## Problem requirements
Having located the line with "Высокий прессинг команда", print it and each remaining line exactly, stopping at the end of the material and omitting pictures.

## Supplied entries
+---+

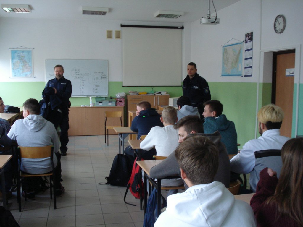 21 listopada uczniowie klas pierwszych technikalnych oraz trzecich zawodowych zapoznali się z problematyką wykroczeń i czynów karalnych. Panowie aspiranci Piotr Pawlikowski i Karol Paluch pełniący także funkcje dzielnicowych, szczegółowo wyjaśnili wszystkie wątpliwości i problemy.
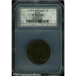 1795 1C Plain Edge VF Details, Corroded, NCS. S-76 <B>1795 1C Plain Edge VF Details, Corroded, NCS.</B></I> S-76B, R.1. A mahogany-brown representative that is undisturbed by contact aside from a couple of faint pinscratches below the fraction. Portions of AMERICA are worn, and distributed tiny pits are located primarily near the rims. <BR><BR><B>Important notice:</B> Heritage usually auctions material at the rate of 200-250 lots per hour. On some occasions eBay Live bid software or the Internet may not be able to keep up with the pace of the auction. We recommend placing a realistic absentee bid now as insurance to avoid disappointment. Occasionally the auctioneer may eliminate or reject an eBay Live bid, and the auctioneer may also reopen a lot after the close of the eBay live bidding (usually because we missed an audience bid), and may reject your bid even if it shows you as the winning bidder. By bidding via eBay Live, you agree that Heritage may award the lot to another bidder at its sole discretion under the circumstances described above or any other reasonable circumstances. Since eBay bids are not shown to us until we open the lot on the floor, we treat those bids just like floor bids. In most cases the floor responds before the eBay bid is presented to us, due to Internet lag time, so for consistency we have made it a policy that floor bids are always considered first over tie eBay live bids. Also please note that all Heritage lots purchased through eBay Live carry a 20% Buyer's Premium. Please make sure you read the Terms and Conditions before you bid. This lot is being auctioned in conjunction with a live floor auction by Heritage Galleries & Auctioneers. All final auction and invoice information will be supplied by Heritage Galleries & Auctioneers, and all other information should be considered preliminary. Lot:5035
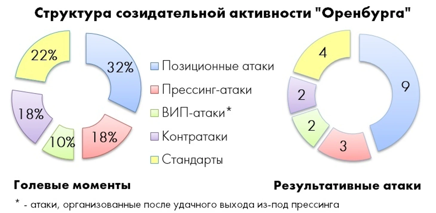 Высокий прессинг команда Федотова тоже использует, но очень дозированно. При этом в выездных матчах с «Ростовом» и «Локомотивом» оренбуржцы дважды забивали на дебютных отрезках именно в прессинг-атаках, провоцируя соперника на ошибки при выходе со своей половины поля.
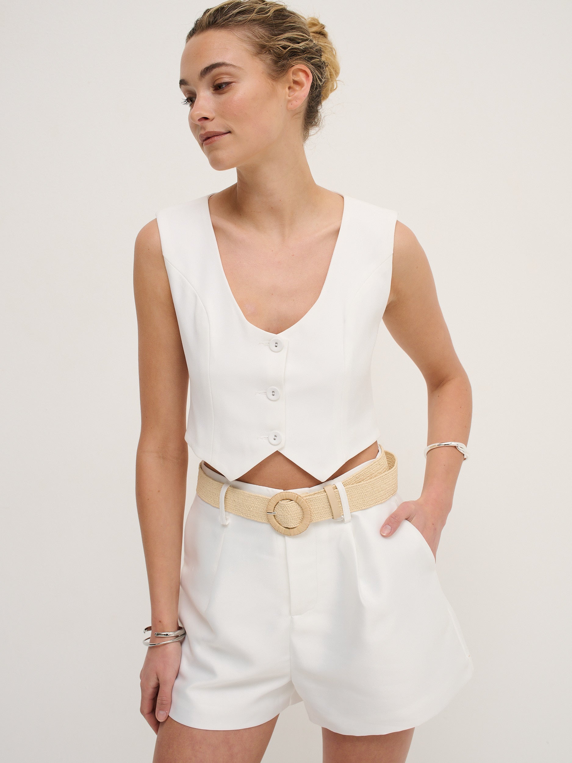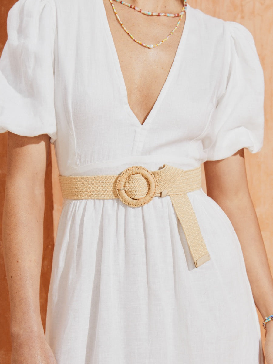 Shelley Round Buckle Straw Belt
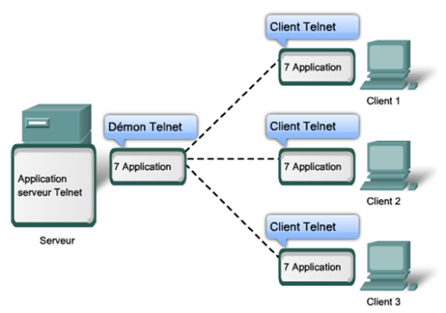 Les serveurs comportent généralement plusieurs clients demandant des informations en même temps. Par exemple, un serveur Telnet peut comporter de nombreux clients demandant à se connecter à ce serveur. Ces requêtes de client individuelles doivent être traitées simultanément et séparément pour que le réseau fonctionne correctement. Les processus et les services de la couche application sont assistés par les fonctions des couches inférieures pour gérer correctement les conversations multiples.

+---+

## Response
 Высокий прессинг команда Федотова тоже использует, но очень дозированно. При этом в выездных матчах с «Ростовом» и «Локомотивом» оренбуржцы дважды забивали на дебютных отрезках именно в прессинг-атаках, провоцируя соперника на ошибки при выходе со своей половины поля.
 Shelley Round Buckle Straw Belt
 Les serveurs comportent généralement plusieurs clients demandant des informations en même temps. Par exemple, un serveur Telnet peut comporter de nombreux clients demandant à se connecter à ce serveur. Ces requêtes de client individuelles doivent être traitées simultanément et séparément pour que le réseau fonctionne correctement. Les processus et les services de la couche application sont assistés par les fonctions des couches inférieures pour gérer correctement les conversations multiples.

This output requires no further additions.